Chain rule for derivative of a norm

1.2k Views Asked by At

Suppose that $A$ is an $M \times N$ matrix, $x$ is an $N \times 1$ vector and $b$ is an $M \times1$ vector.

I want to compute $\frac{d}{dx}||Ax+b||^2_{2}$.

According to this link, the answer should be: $$2A^{T}(Ax+b)$$.

However, the chain rule gives me the transpose of this expression:

$$\frac{d\|Ax+b\|^2_{2}}{dAx+b}. \frac{d(Ax+b)}{dx}=2(Ax+b)^{T}A$$

Which answer is the correct one?

1

There are 1 best solutions below

0
On

Both are correct as these are the same.

The difference is the definition of the derivative. Let $f: E \to F$ a function.

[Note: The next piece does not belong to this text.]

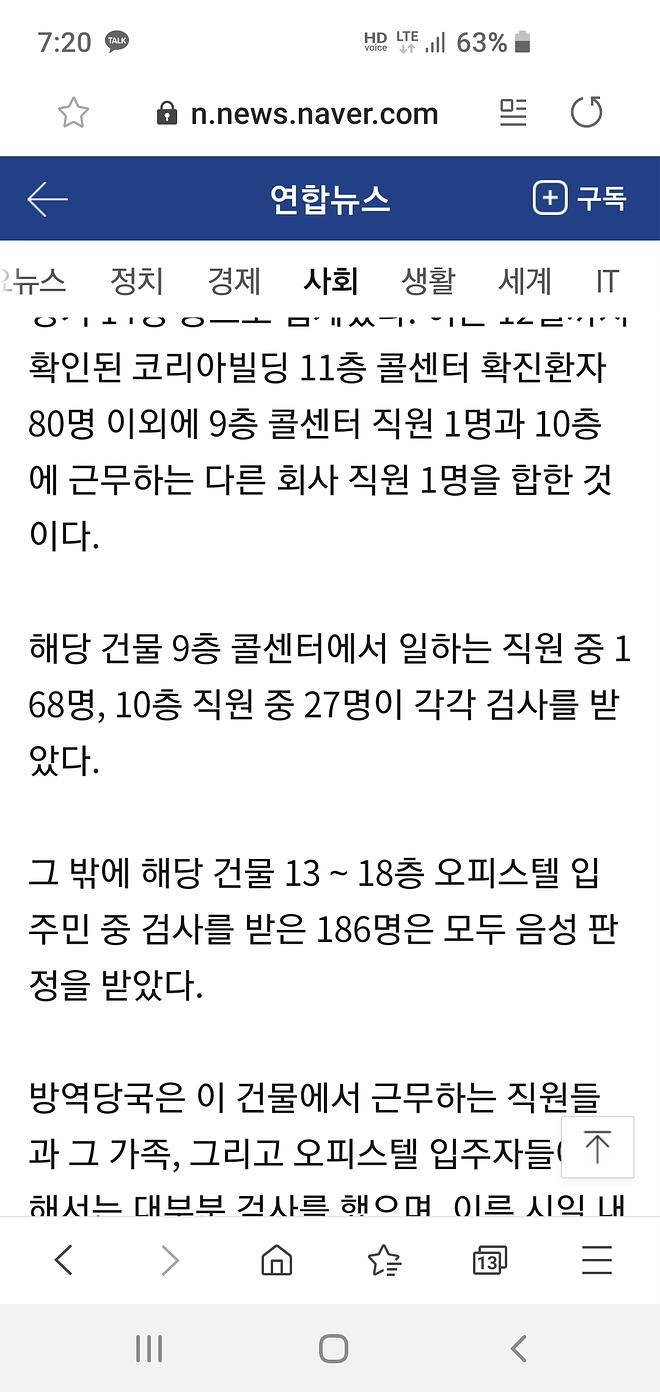 11층에 무려 80명의 확진자가 있는 상황에서 2주 가까이 생활했음에도 13층-16층 오피스텔 주민들은 전원 음성이라고 하는거 보면.....

If the definition of the derivative is:

$$f(x+h)=f(x)+\frac{df}{dx} \cdot h +o(\|h\|)$$

then your answer is the correct one.

But if the definition is:

$$f(x+h)=f(x) + \left( \frac{df}{dx} \right)^T \cdot h +o(\| h\|)$$ it is the one of the link.


In my opinion, the first one is the more natural and the most used. But the second one is closer to the case of function from $\mathbb R$ to $\mathbb R$ and can be very useful, however rather than derivative it is often called the gradient.